Physicists at the University of Johannesburg (formerly RAU) are on the verge of commercialising the revolutionary solar technology they revealed to the market last year.
They and the university are in the final stages of negotiations with companies interested in getting licences for the technology.
"We are negotiating with SA-based international investors, and two German-based groups which are among the world's biggest producers of silicon-powered solar panels," says Vivian Alberts, the project team leader. "We may license the technology to all of them."
In April the university formed a new company, PT IP Holdco, which will house the intellectual property rights on the technology.
The university and Alberts are the only shareholders in the new entity at this stage. The University of Pretoria and the Nelson Mandela Metropolitan University (formerly the University of Port Elizabeth), which both collaborated in the project, and the state-run Innovation Fund may also come on board as shareholders.
The excitement generated by the project marks a milestone in the solar energy industry: the introduction of a cheaper, yet high-quality, alternative to the pricey, silicon-engineered solar technology that is the standard. "We are the first group that has produced a semiconductor material that can replace the silicon technology," says Alberts.

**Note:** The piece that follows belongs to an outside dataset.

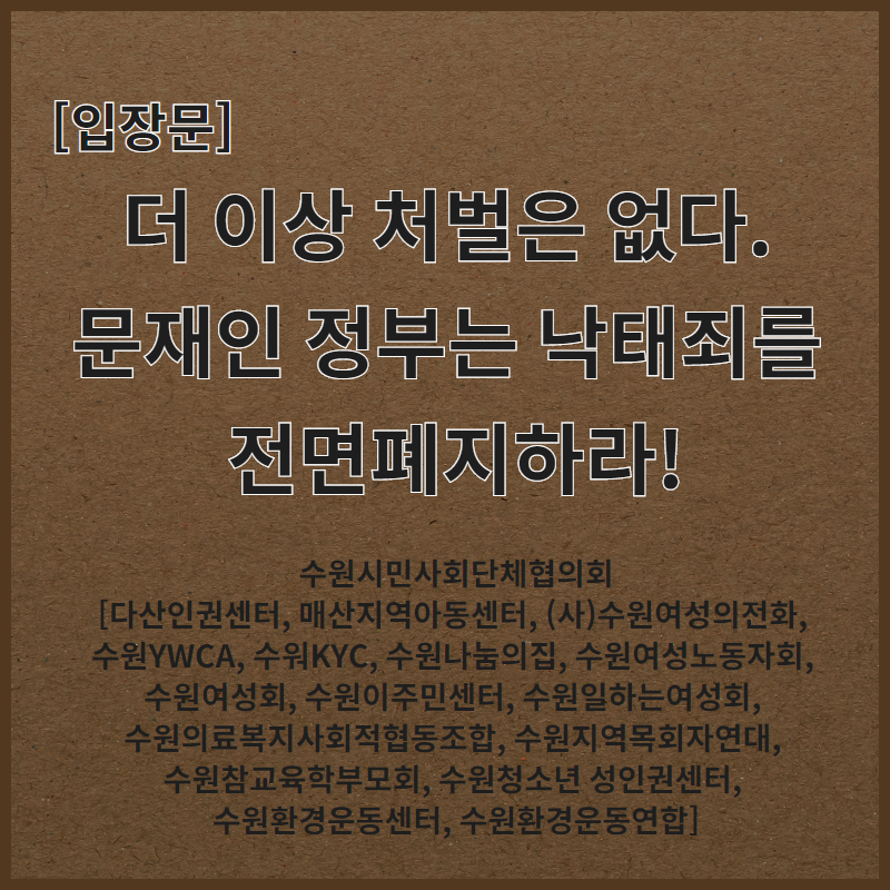 수원시민사회단체협의회는 낙태죄 전면폐지를 요구한다. 임신중지에 여성의 자기결정권을 존중하고, 의료 및 보건 접근성을 높이고 안전하고 합법적인 임신중단권을 보장해야 한다.
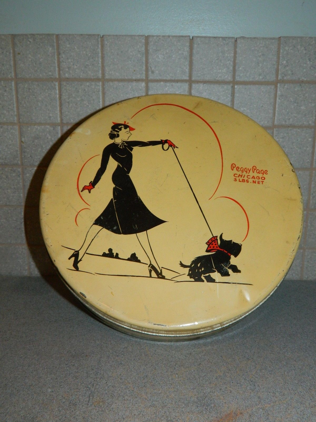 Title (ebay affiliate link): Vtg PeggY PaGE TiN Chicago 3 Lbs. Scottish Terrier 1940's 9 1/2" Round TiN CandY

Solar energy is created through a reaction called the photovoltaic effect which allows specific materials - usually high-purity silicon - to convert solar radiation to electricity.
The problem is that these panels are expensive - more so than the equivalent amount of coal, petrol or gas.
At the heart of the new solar technology is a production process that produces a new, homogeneous semiconductor material that replaces silicon. It is made from a "perfect recipe" that combines five elements: copper, indium, gallium, selenium and sulphide (CIGSSe).
The breakthrough came after 12 years of research. Alberts solved the "insurmountable problem" of producing a high quality semiconductor alloy that combines all these elements.
At least for now, the technology has set the pace in the solar energy race that has been going on for the past 15 years. "Our major international competitors didn't concentrate on the most crucial aspect of this technology, which is the production of the homogeneous semiconductor absorber," says Alberts.
CIGSSe is also much more efficient than silicon at converting incident sunlight into an electric current: less than one micron of CIGSSe absorbs more than 99% of available incident solar energy, compared with 350 microns of silicon to do the same job.
The new technology can be scaled up or down, depending on its application. It is capable of satisfying the electricity needs of rural and other remote communities and farms; and a stand-alone minigrid can be erected as a primary electricity source or as a back-up system for mines, industrial firms or a community of, say, 20-50 households.
There are other benefits too. It uses cheap material, making it more affordable; and it produces high-quality electricity that is comparable to the silicon-based devices. The new technology is made up of three separate components that have a 15-year guarantee.
The physicists have gone a step further in making it a commercial prospect. They have designed and patented a manufacturing technique that smoothes out the production of solar panels. "This makes it possible to construct CIGSSe solar panels at a low cost," says Alberts.
He estimates the total cost of establishing a new manufacturing plant at R144m.
This facility will have the capacity to produce 144 000 solar panels, with 60 W in each panel, each year. He says industrial production can be scaled up, reducing costs.
According to the physicists' forecast cost models, the solar panels can be produced in huge commercial volumes at a cost of about R650/60 W panel. A silicon-produced panel costs about R2 100/50 W, says Alberts.
Thanks to the University of Johannesburg's pilot assembly facility, launched last November, the physicists have been able to ramp up the technology from a minimodule scale to commercially viable panels in less than six months, beating even optimistic expectations.
The pilot facility, built to demonstrate the viability of the technology, was set up with the help of a R13,2m grant awarded by the Innovation Fund in 2003 and R2m in financial aid from the university.
A typical 60 W panel, which measures 1,2 m x 0,5 m and provides enough electricity for lights, cellphone charger, television and radio, could transform the lives of the 10m-20m people who live off the Eskom grid.
"Millions of people have been waiting for electricity for decades and they will never get it if we don't supply them with solar energy," Alberts says.
The ultimate beneficiary, however, is the environment. Mechanisms such as the Kyoto protocol to limit greenhouse gas emissions are already making an impact in SA, though this country has been exempted from the first period of emissions reductions.
The CIGSSe technology will add solar-derived electricity to the limited range of renewable energy sources that are available in SA. Less than 1% of the electrical energy used here originates from renewable energy, according to Energy Futures, a journal published by Stellenbosch University's Institute for Futures Research. Government wants renewable sources to contribute 14% of SA's energy by 2010.
The country remains heavily dependent on fossil fuels such as coal and petroleum products. About 90% of all energy consumed in SA comes from fossil fuels, of which 73% is from coal.
Coal combustion contributes to carbon dioxide emissions, the main greenhouse gas linked to climate change.
What excites Alberts most is that, as a result of the team's technology, new industry will be created, job opportunities will follow, SA can earn carbon credits, and aspirant entrepreneurs will benefit by starting up "solar shops" across Africa.